■ DATASET RECORDS ■
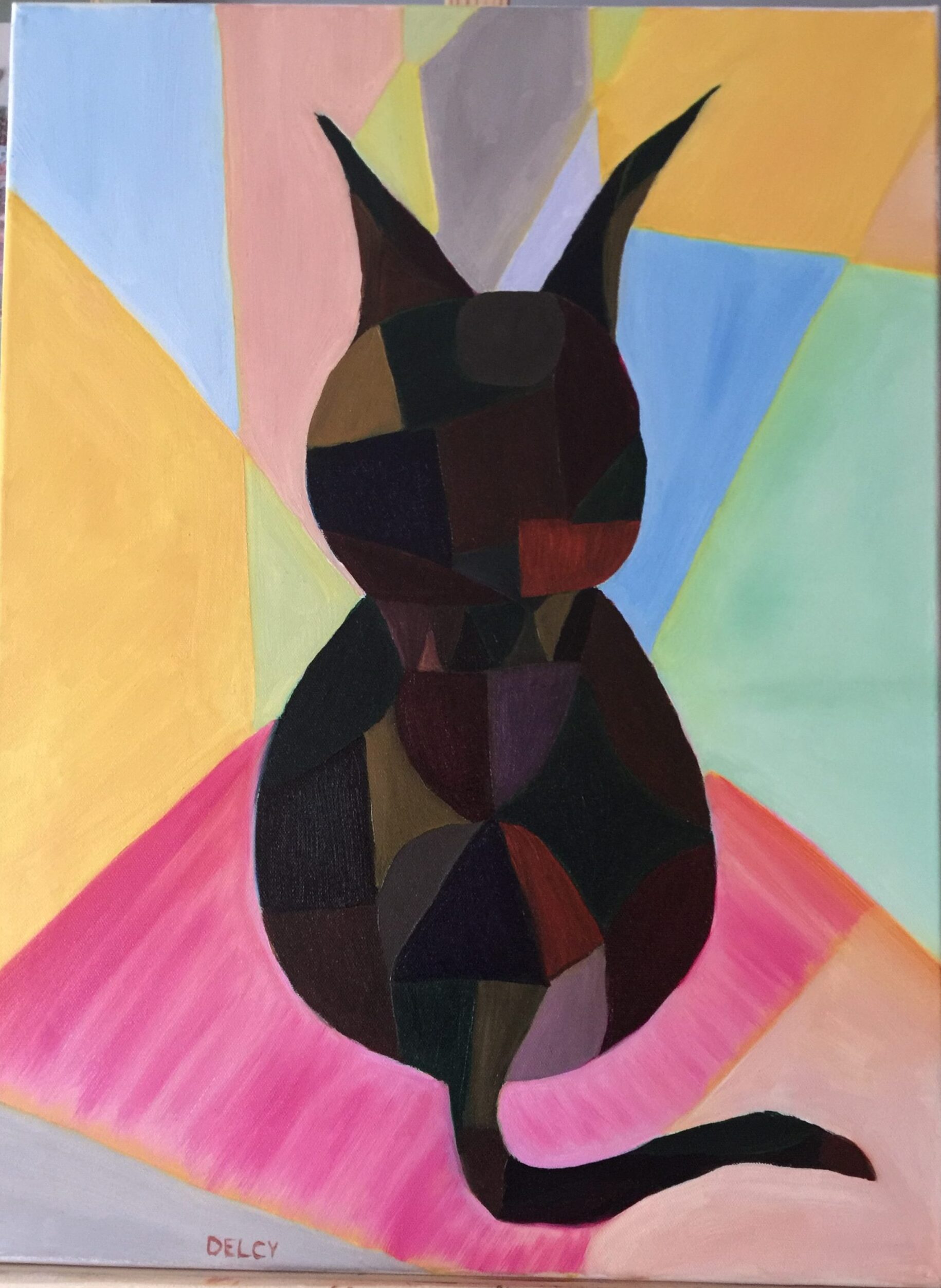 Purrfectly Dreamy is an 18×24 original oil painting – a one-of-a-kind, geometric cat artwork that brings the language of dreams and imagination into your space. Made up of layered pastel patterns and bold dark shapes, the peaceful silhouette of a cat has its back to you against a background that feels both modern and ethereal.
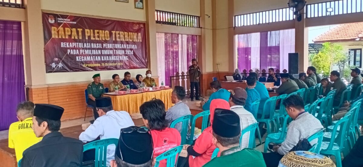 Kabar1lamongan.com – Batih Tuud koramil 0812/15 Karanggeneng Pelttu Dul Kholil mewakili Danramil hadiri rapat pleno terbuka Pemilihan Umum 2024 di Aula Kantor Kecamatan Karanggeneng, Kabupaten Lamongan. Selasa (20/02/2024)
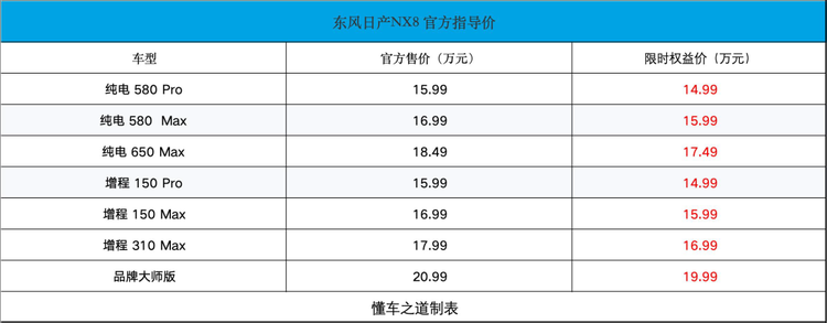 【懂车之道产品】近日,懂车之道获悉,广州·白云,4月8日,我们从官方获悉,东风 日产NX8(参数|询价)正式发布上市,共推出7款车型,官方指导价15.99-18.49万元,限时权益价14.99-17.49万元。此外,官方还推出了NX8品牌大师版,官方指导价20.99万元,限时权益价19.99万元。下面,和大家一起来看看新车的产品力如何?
* * *
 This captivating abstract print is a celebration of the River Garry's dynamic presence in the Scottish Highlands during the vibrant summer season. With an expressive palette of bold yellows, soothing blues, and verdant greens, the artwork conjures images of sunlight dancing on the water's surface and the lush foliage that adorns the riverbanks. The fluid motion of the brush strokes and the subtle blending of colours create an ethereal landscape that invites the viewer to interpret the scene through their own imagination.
...
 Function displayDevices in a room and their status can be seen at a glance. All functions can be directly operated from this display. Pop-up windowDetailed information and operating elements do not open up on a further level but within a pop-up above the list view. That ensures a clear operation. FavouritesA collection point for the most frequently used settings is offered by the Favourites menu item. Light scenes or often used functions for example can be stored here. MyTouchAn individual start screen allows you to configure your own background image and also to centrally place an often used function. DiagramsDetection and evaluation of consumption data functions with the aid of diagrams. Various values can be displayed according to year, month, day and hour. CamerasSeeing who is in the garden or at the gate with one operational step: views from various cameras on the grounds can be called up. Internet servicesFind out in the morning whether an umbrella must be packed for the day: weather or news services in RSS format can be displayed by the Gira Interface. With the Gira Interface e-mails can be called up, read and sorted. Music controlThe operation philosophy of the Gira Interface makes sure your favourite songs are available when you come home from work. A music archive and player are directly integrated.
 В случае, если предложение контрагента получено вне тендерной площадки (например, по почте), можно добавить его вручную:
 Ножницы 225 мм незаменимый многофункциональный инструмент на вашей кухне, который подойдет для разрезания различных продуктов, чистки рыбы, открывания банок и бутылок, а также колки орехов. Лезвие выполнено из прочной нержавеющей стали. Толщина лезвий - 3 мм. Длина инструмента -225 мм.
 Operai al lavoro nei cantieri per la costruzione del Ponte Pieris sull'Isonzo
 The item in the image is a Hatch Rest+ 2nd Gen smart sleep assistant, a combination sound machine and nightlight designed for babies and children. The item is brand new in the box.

■ EXERCISE ■
From the records above, extract exactly and only the lines that begin at the line with "Ножницы 225 мм" and stop after the line with "Operai al lavoro".

■ PROBLEM SOLUTION ■
 Ножницы 225 мм незаменимый многофункциональный инструмент на вашей кухне, который подойдет для разрезания различных продуктов, чистки рыбы, открывания банок и бутылок, а также колки орехов. Лезвие выполнено из прочной нержавеющей стали. Толщина лезвий - 3 мм. Длина инструмента -225 мм.
 Operai al lavoro nei cantieri per la costruzione del Ponte Pieris sull'Isonzo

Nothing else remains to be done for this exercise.